With pictures left out, output exactly the lines of the listing below from the line that has "2 pcs 18K Gold" to the line that has "获得省级以上荣誉称号名单》,党委副书记刘", both lines kept.

Start of Given records

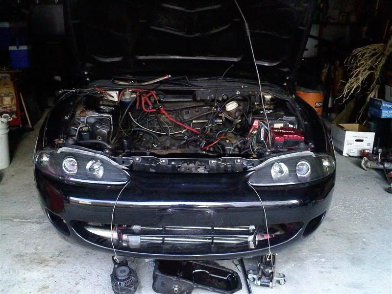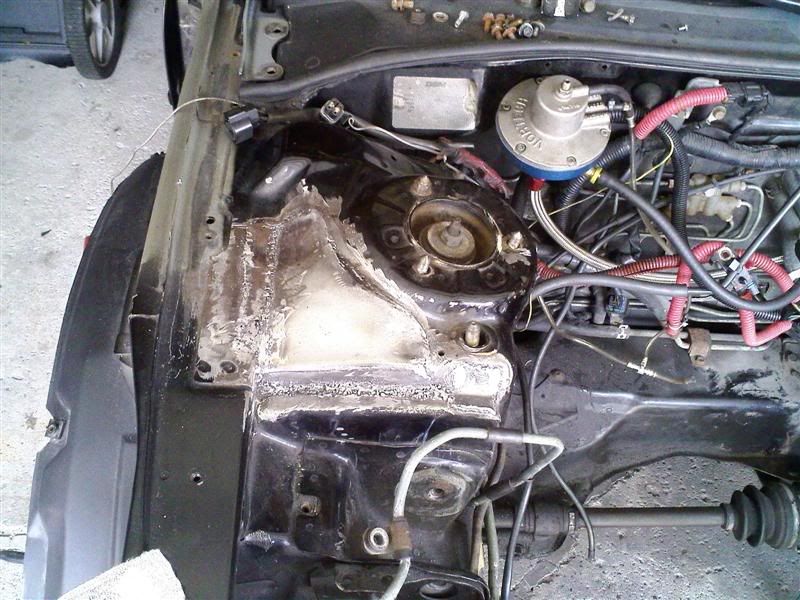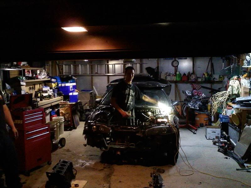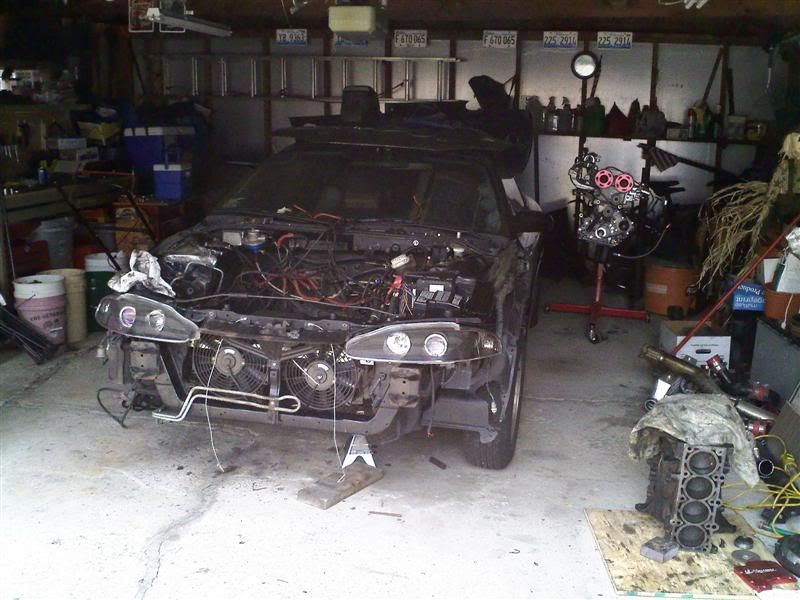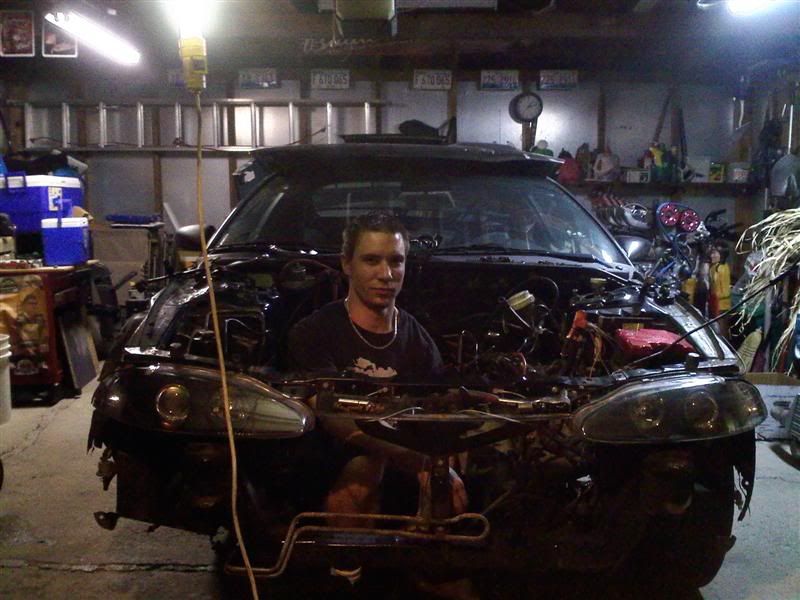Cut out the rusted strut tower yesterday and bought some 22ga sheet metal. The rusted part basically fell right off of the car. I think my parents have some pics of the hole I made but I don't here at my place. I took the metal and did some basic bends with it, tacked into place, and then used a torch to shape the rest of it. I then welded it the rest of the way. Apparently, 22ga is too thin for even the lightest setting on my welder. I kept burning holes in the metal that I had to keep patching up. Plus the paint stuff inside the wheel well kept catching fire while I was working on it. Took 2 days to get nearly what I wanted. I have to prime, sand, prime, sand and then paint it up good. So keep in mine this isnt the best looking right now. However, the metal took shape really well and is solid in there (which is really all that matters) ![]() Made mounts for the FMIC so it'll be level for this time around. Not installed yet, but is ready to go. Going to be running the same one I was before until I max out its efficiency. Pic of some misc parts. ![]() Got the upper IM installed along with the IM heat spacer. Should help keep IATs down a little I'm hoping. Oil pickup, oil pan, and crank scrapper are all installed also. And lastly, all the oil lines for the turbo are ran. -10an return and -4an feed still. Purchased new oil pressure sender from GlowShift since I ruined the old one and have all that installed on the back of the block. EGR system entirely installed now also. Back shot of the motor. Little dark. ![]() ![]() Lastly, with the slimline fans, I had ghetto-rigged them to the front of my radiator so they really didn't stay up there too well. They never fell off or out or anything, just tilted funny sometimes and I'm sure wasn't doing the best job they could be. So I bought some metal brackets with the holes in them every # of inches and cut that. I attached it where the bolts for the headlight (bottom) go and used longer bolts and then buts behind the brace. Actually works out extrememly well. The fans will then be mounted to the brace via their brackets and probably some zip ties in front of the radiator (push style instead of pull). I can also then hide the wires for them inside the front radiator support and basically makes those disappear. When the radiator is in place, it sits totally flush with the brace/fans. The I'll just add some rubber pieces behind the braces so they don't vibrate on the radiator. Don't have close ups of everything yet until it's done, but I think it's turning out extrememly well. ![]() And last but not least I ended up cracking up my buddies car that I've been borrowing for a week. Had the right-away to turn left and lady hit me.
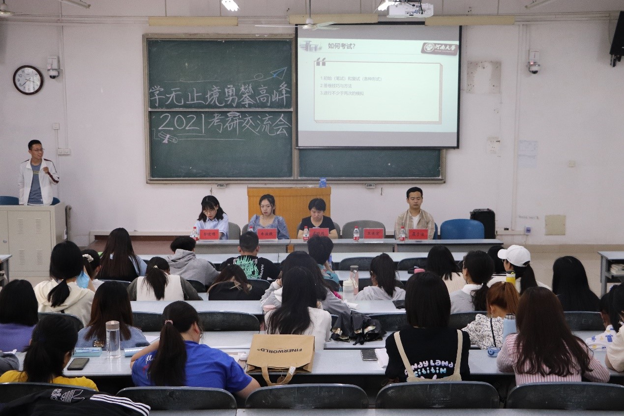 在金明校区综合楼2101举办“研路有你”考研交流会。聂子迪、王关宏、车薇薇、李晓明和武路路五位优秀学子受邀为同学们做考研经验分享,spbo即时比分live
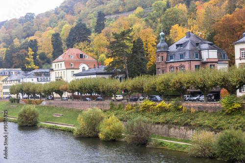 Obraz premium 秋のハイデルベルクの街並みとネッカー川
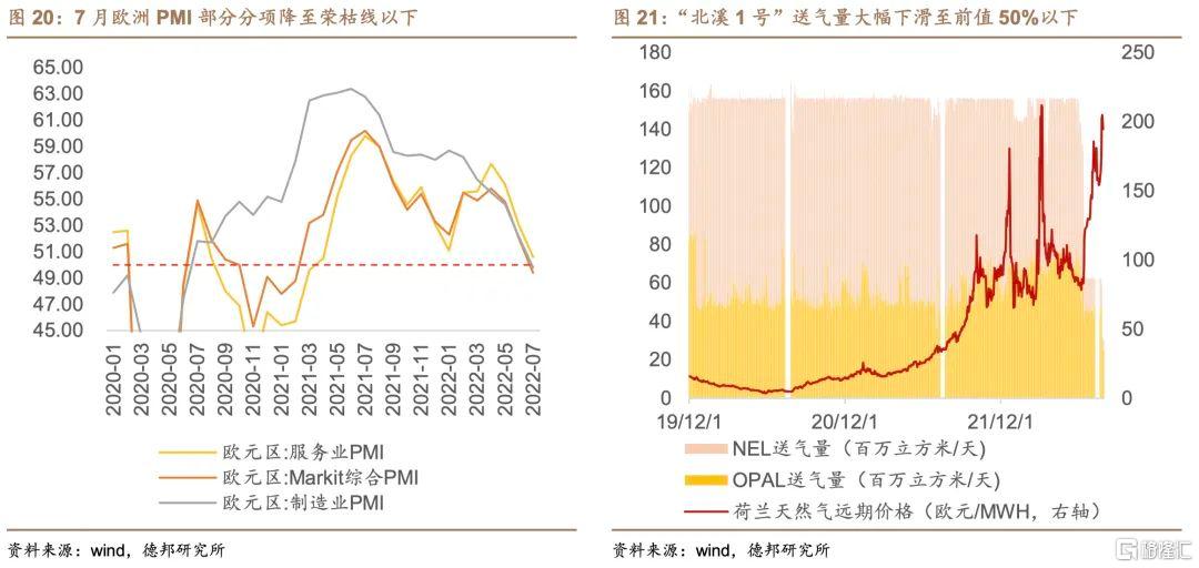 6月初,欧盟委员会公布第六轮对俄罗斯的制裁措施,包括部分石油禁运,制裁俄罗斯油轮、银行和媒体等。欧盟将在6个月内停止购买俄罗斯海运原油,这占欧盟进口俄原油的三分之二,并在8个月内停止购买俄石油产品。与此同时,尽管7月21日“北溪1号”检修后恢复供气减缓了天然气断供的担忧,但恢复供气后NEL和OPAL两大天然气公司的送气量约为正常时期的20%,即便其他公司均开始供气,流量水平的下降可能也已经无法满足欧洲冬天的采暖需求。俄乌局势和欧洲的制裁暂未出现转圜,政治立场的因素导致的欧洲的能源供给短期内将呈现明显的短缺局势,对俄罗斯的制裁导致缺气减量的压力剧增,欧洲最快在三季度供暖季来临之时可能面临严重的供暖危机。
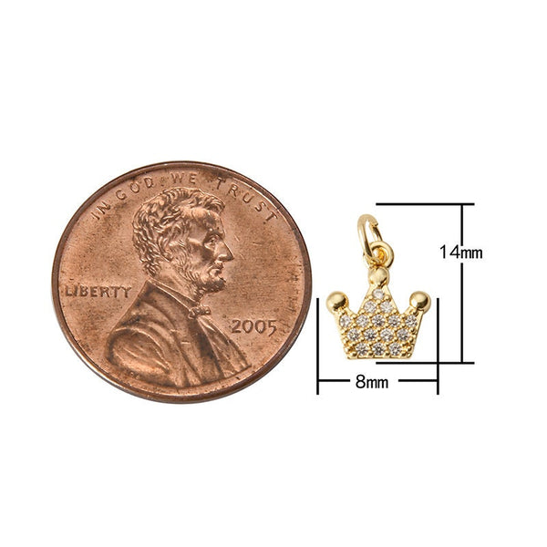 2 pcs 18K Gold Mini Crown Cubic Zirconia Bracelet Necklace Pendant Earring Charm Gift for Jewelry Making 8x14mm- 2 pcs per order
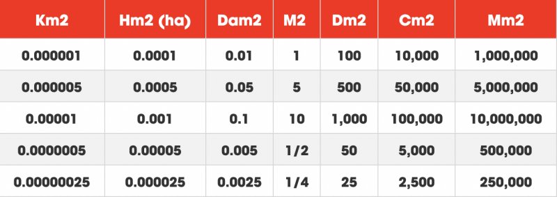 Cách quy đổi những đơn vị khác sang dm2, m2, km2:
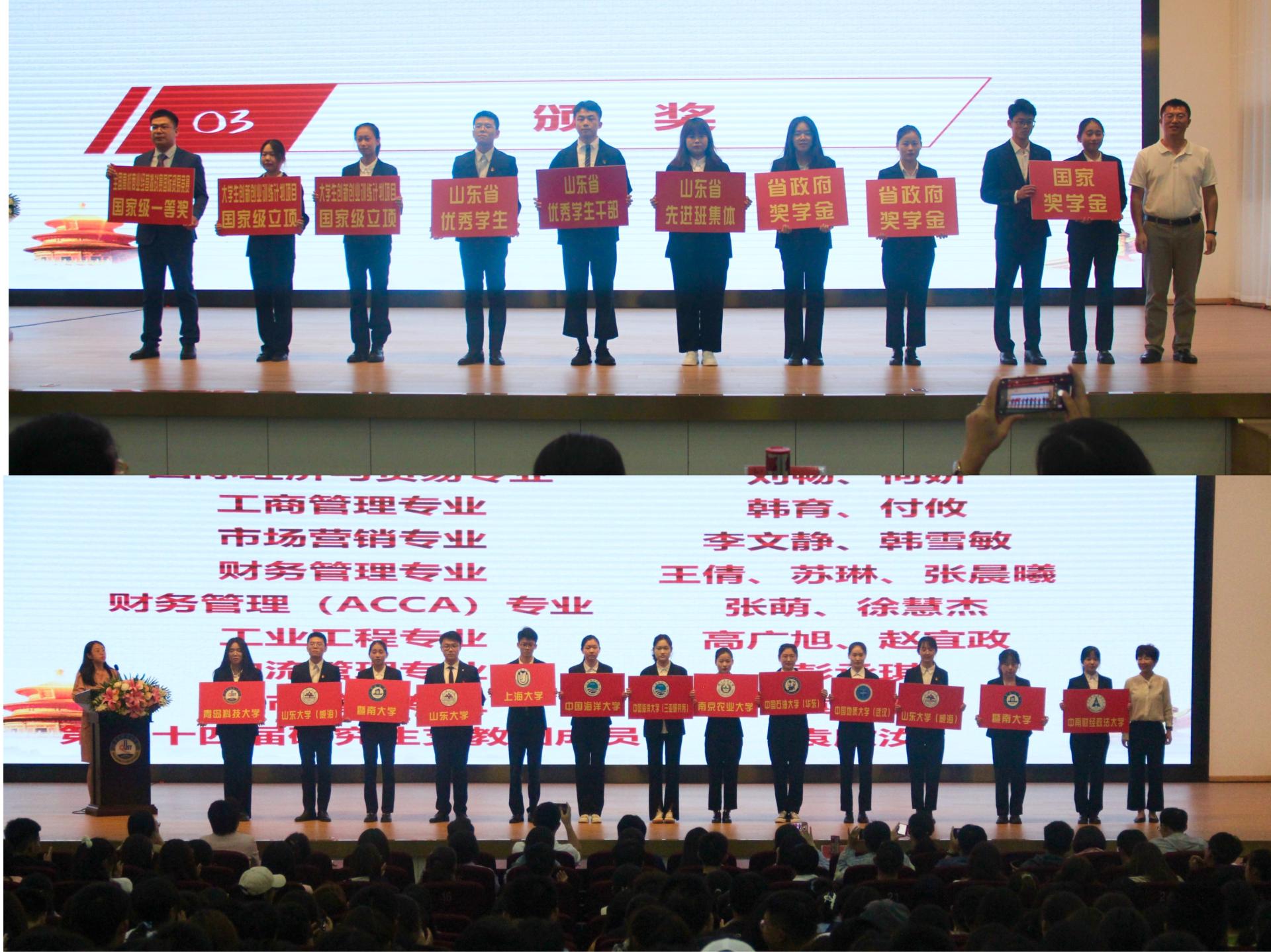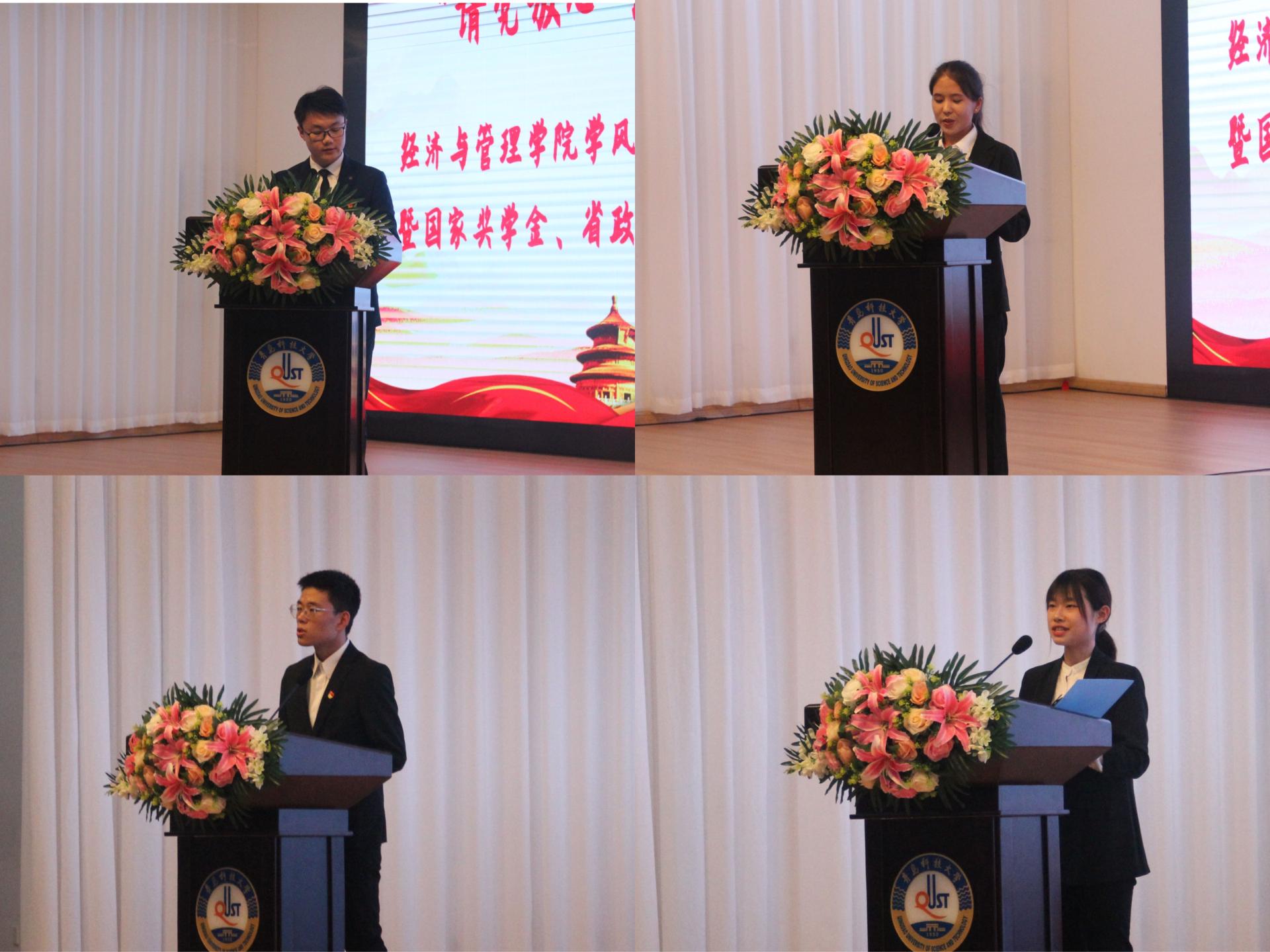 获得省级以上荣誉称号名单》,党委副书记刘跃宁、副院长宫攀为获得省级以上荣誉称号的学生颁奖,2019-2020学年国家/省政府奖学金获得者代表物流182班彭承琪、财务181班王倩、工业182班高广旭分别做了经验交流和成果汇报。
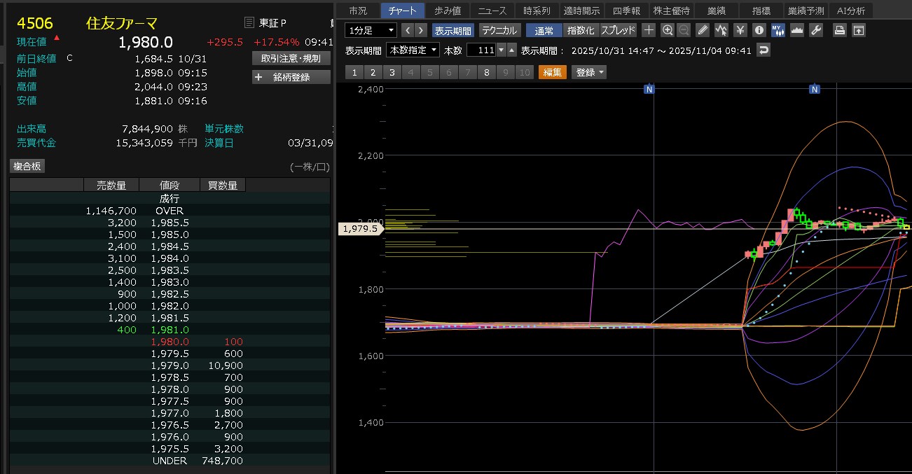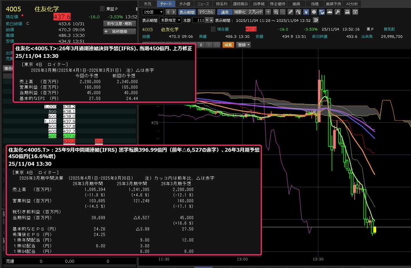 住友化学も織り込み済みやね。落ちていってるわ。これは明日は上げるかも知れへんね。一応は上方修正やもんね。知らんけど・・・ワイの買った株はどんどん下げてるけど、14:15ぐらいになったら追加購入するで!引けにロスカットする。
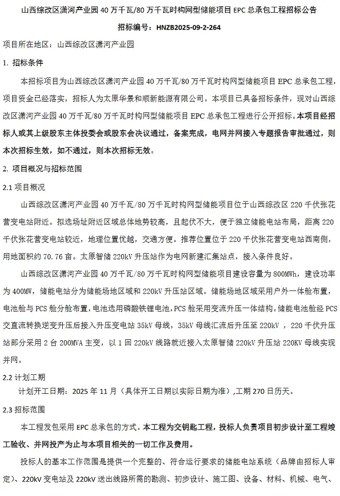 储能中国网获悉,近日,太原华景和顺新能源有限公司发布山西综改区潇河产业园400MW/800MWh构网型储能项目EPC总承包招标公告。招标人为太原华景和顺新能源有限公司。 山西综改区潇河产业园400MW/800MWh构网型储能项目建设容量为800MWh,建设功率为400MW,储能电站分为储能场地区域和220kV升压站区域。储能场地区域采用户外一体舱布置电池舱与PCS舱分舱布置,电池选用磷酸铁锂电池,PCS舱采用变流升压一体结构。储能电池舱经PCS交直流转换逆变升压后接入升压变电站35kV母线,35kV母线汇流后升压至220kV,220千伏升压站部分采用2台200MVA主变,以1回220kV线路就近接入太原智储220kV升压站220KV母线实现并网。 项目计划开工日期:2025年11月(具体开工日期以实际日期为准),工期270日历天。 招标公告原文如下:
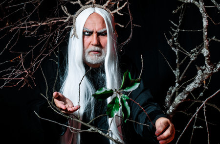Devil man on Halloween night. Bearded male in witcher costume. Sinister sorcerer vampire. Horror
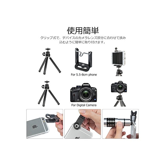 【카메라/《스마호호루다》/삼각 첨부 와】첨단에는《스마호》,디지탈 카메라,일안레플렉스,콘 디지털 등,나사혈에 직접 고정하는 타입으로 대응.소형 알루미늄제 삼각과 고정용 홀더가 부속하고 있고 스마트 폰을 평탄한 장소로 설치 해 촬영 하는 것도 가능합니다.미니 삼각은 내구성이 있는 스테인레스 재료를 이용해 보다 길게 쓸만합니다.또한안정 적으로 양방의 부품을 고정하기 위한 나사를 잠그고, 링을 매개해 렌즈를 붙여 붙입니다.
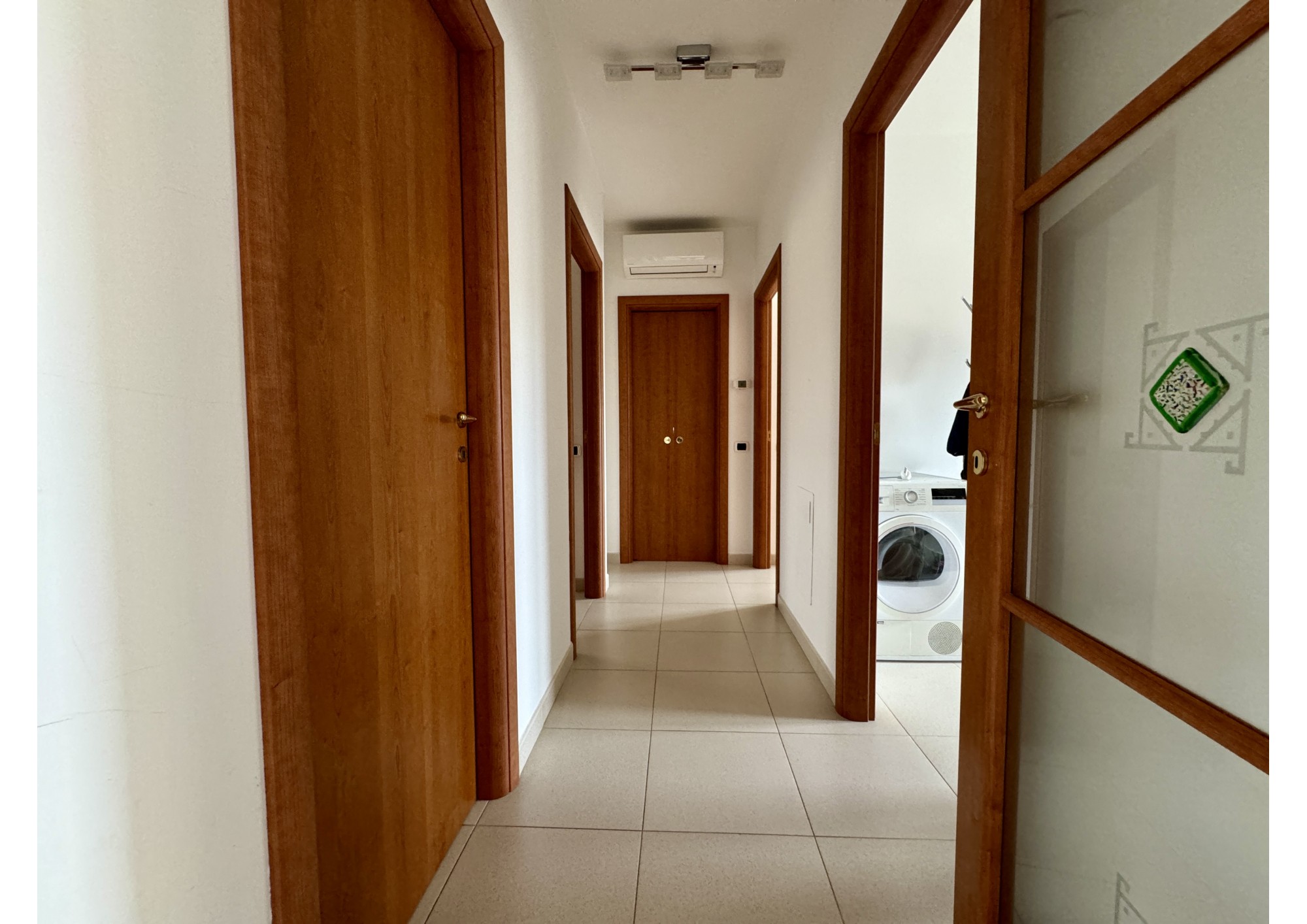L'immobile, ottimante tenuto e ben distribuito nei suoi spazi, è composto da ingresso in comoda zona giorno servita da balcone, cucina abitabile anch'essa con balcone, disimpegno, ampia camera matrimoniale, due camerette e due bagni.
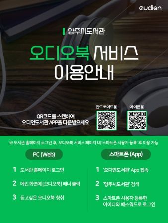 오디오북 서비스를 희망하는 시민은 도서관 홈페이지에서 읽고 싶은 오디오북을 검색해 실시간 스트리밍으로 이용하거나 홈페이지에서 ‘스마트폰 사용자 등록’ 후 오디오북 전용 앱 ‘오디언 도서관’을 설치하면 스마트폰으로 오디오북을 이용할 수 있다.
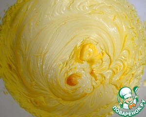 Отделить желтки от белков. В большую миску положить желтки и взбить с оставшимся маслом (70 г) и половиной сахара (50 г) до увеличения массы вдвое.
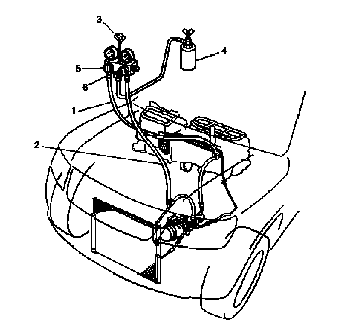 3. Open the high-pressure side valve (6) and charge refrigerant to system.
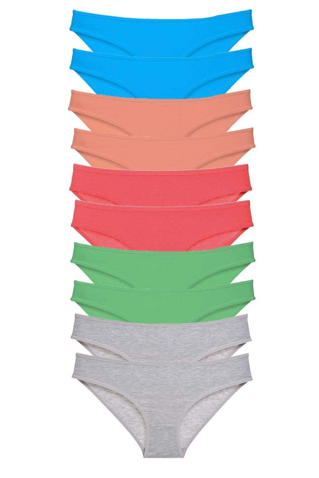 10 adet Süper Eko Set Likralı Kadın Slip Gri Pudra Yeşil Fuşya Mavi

End of Given records

Task response:
 2 pcs 18K Gold Mini Crown Cubic Zirconia Bracelet Necklace Pendant Earring Charm Gift for Jewelry Making 8x14mm- 2 pcs per order
 Cách quy đổi những đơn vị khác sang dm2, m2, km2:
 获得省级以上荣誉称号名单》,党委副书记刘跃宁、副院长宫攀为获得省级以上荣誉称号的学生颁奖,2019-2020学年国家/省政府奖学金获得者代表物流182班彭承琪、财务181班王倩、工业182班高广旭分别做了经验交流和成果汇报。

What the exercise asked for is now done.